Validation should happen in layers:

  1. Client-side — improves UX but is trivial to bypass.
  2. Server-side extension check — fast but easily spoofed.
  3. Server-side MIME type check — better, but still relies on HTTP headers.
  4. Magic bytes (file signature) — reads the actual file content to determine type. The most reliable single check.
  5. Content scanning / AV — essential for any environment handling untrusted files.

Each layer catches different threats. Never rely on a single check.

Variants

TechnologyValidation LibraryNotes
Pythonpython-magicReads libmagic database; very accurate
Node.jsfile-typePure JS, fast, no native deps
JavaApache TikaHeavyweight but handles 1000+ formats
GomimetypeFast, pure Go, zero-allocation reads
RubyMarcelRails default, uses both extension and magic

Best Practices

  • Validate before saving to disk: Check everything in memory or a temp buffer first.
  • Use random filenames: Never store files with original user-provided names. Map to UUIDs internally.
  • Store outside web root: Serve files via controller/API, not direct filesystem access.
  • Scan with AV: Integrate ClamAV or a cloud scanner for untrusted uploads.
  • Rate limit uploads: Prevent abuse and disk exhaustion.

Common Mistakes

  • Trusting the Content-Type header: Attackers can set this to anything.
  • Relying only on extension: A .jpg can contain PHP code.
  • No size limit: A single upload can fill your disk.
  • Saving to public directories: If the file is executable, it may be served and run.
  • No virus scanning: Malicious files may pass type checks but still harm users.
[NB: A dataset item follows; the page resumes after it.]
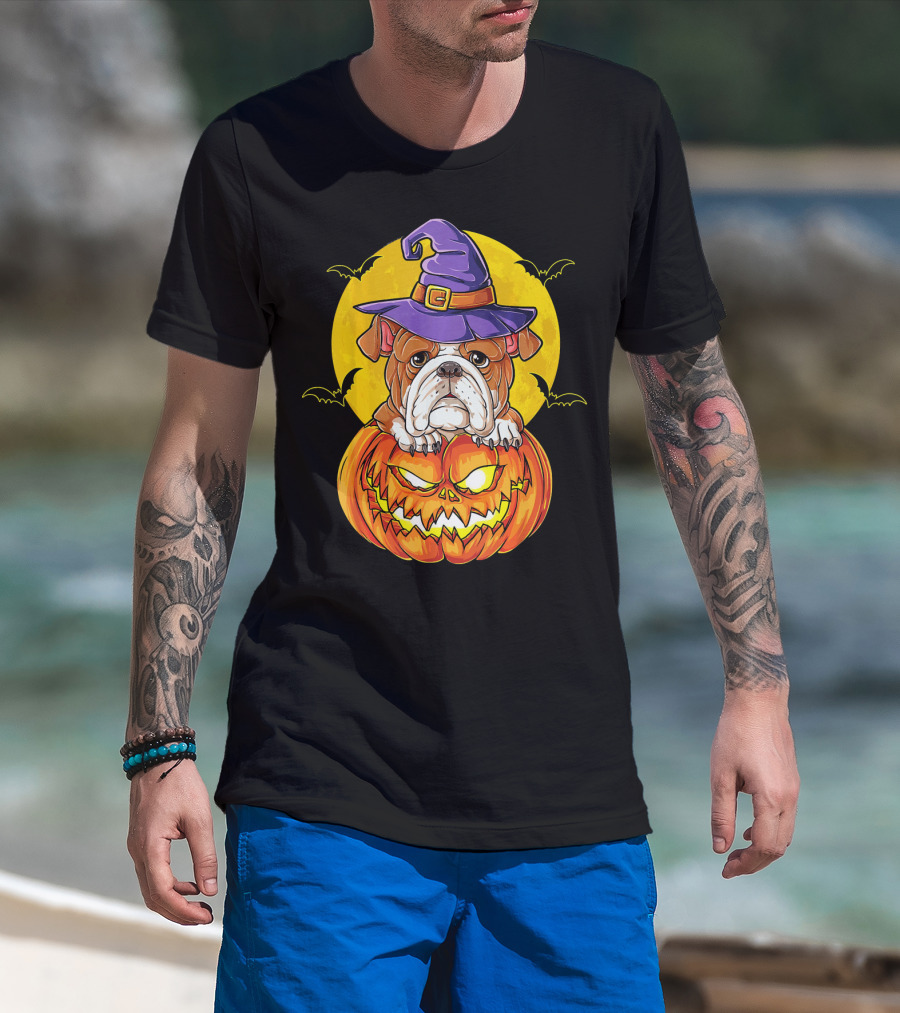 English Bulldog Halloween Witch Pumpkin Moon T-Shirt

Frequently Asked Questions

Should I validate on the client or server?

Both. Client-side validation improves UX with instant feedback. Server-side validation is mandatory for security — never trust anything from the client.

What is the difference between MIME type and magic bytes?

MIME type is declared by the client in the HTTP Content-Type header. Magic bytes are the actual file signature read from the first few bytes of the file content. Magic bytes are far harder to fake.

How do I prevent users from uploading malware disguised as images?

Use a combination of magic bytes, re-encoding (process the image and re-save it), and antivirus scanning. Re-encoding strips embedded scripts from image files.